We learn that Vincent Van Gogh was much more unstable, erratic and promiscuous than previously thought.

We are also told that for many, including family, friends, other artists such as Georges Seurat and Toulouse Lautrec, he was a mighty pain in the neck: drunken, aggressive and coarse.

But it is the short chapter at the end of the book that will generate the most debate.

Royal Academy curator Anne Dumas says regardless of how Van Gogh died, the legacy of his work is "indisputable"

On page 851 the authors start to make their case that Vincent Van Gogh was shot by a 16-year-old boy called Rene Secretan, who had a history of tormenting the troubled artist.

They make a good, but not utterly convincing, argument.

On answering why the dying Vincent would have covered up the truth for a boy he loathed (who, they say was with his brother Gaston, with whom Vincent was friendly) the authors reasoned, "because Vincent welcomed death" and didn't want to drag the brothers "into the glare of public enquiry… for having done him this favour".

That doesn't sound a strong enough case upon which to base their argument.

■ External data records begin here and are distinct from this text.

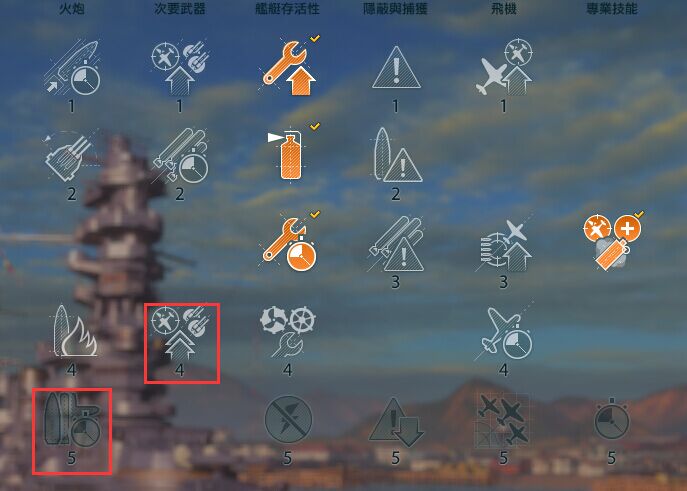 如果是美系的话第一排可以不点灯泡点防空效率 而第四排也换成防空范围 鱼雷警戒可以不要 把点数加给开炮预警 第五排如果打算点的话隐蔽和这个选哪个应该也都行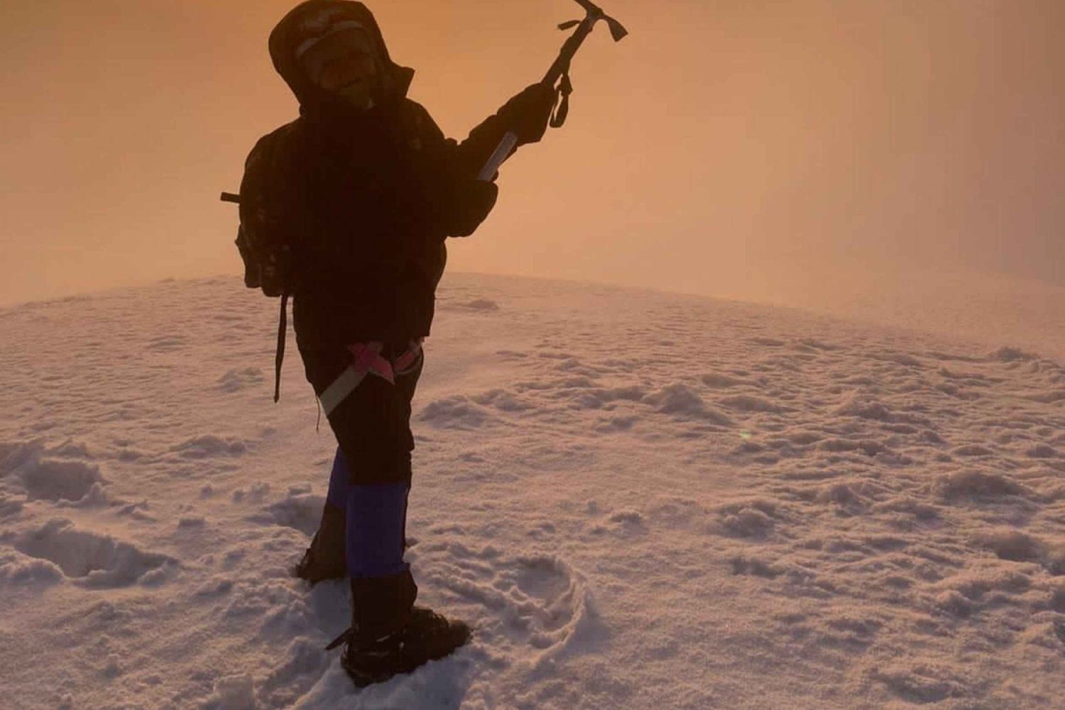 Guide professionnel bilingue, transport, hébergement, repas, entrées, pantalons polaires, bottes d'escalade en plastique, guêtres, veste polaire, crampons, gants extérieurs, pantalons, veste imperméable, piolet, harnais d'escalade, sac de couchage.Important Information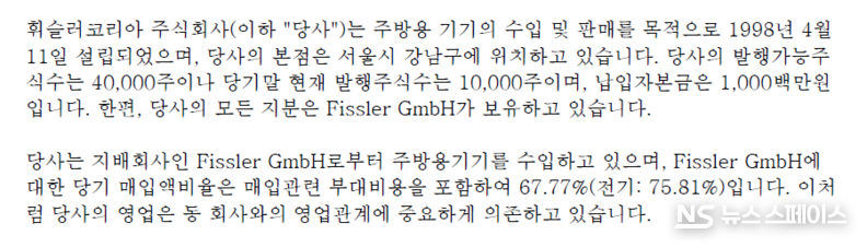 판매비와 관리비 427억원 가운데 절반을 훌쩍 넘는 231억4,000만원이 '지급수수료' 한 항목에 집중되는 비용구조의 기형성은 물론, 모회사 Fissler GmbH에 대한 원가 종속과 고착화된 손실 기조가 중장기 재무건전성에 심각한 경고등을 켜고 있다.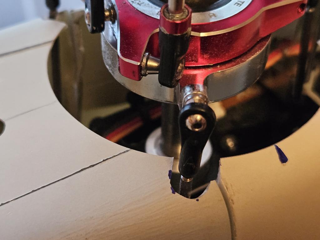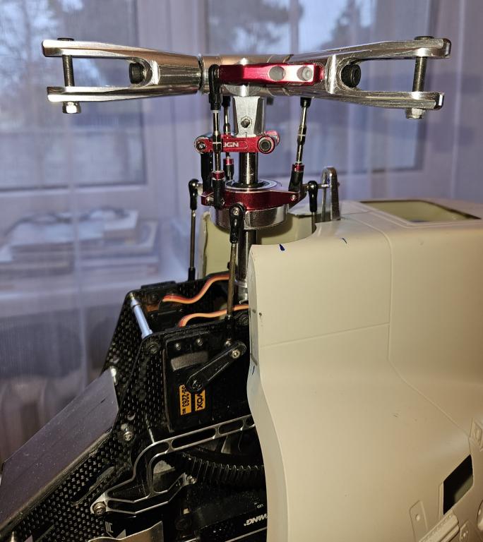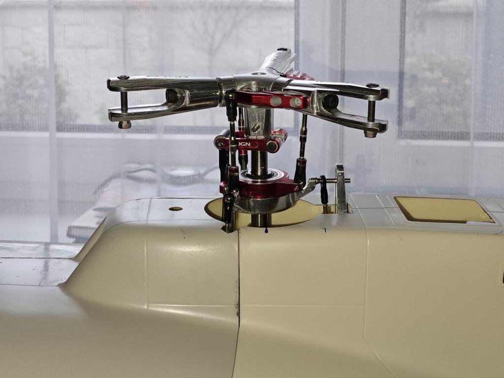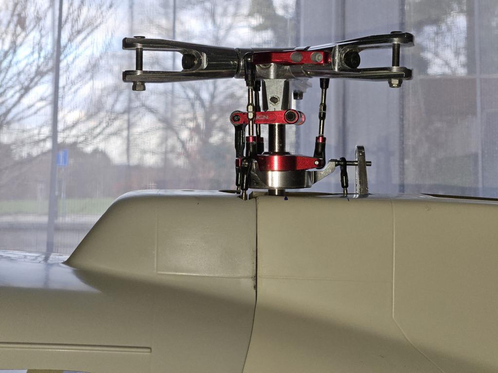 Při porovnání hřídelí mi dnes vyšlo pro tu delší nitrohřídel ( používanou na Hughesech ) o 9mm navíc což mělo bohatě stačit, plánoval jsem prodloužení o cca 10mm. Sestavil jsem to a je vyřešeno, mám poměr 1,85 což je pohoda. Vyfrézoval jsem prostor pro táhla na desku cykliky, prozatím nezbytné minimum. Problém je umístění magnetů v lemu kabiny, tam jsem musel zajet uhlíkovým kotoučkem. Poloha pák serv na fotkách falíruje, snažil jsem se o nulu na gripech abych viděl kde bude základní poloha desky cykliky. Vychází pěkně nad hrbem což byl cíl. V nule to neletí, ve visu a letu bude DC ještě o něco výš což je dobře. Potřebuju vyrobit nová táhla mezi serva a DC, toť vše.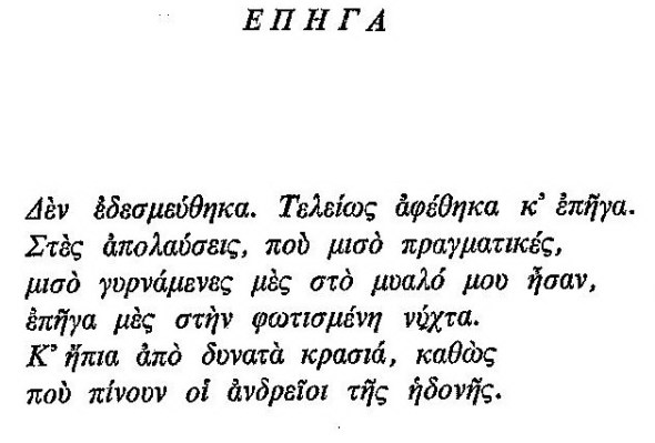 Konstantin Kavafis / Κωνσταντίνος Καβάφης: “I went into the brilliant night and drank strong wine, the way the Champions of Pleasure drink.”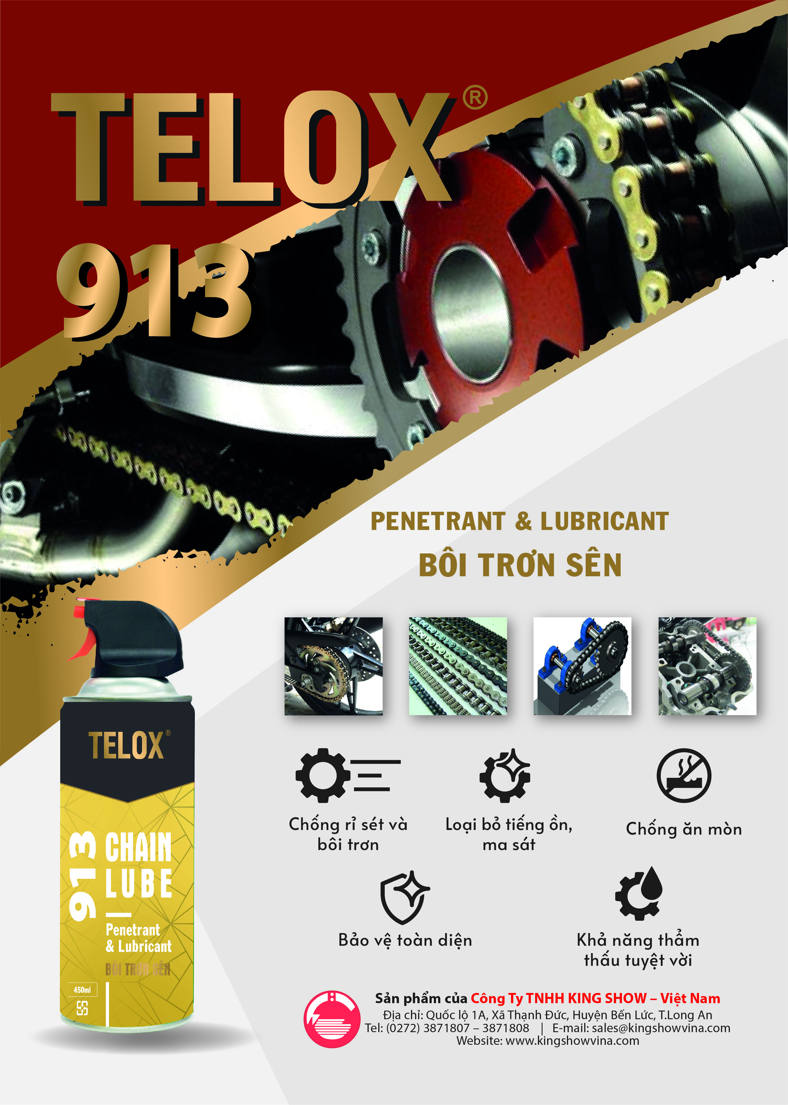 Dầu bôi trơn xích-sên xe máy Telox 913 450ml - Telox Chain lube 913 450ml Đặc tính sử dụng: - Đặc biệt dành cho dây xích, bánh răng và vòng bi - Khả năng thẩm

They lavish praise and authority (too much perhaps) on their two main sources upon which they built their version of events. And pay little heed to the one person who was definitely there - Vincent Van Gogh - when he quite clearly said, "Do not accuse anyone," he said, "it is I who wanted to kill myself".

As they admit in the book, the truth of the matter is that, "surprisingly little is known about the incident".

Which leaves, of course, plenty of room for conjecture.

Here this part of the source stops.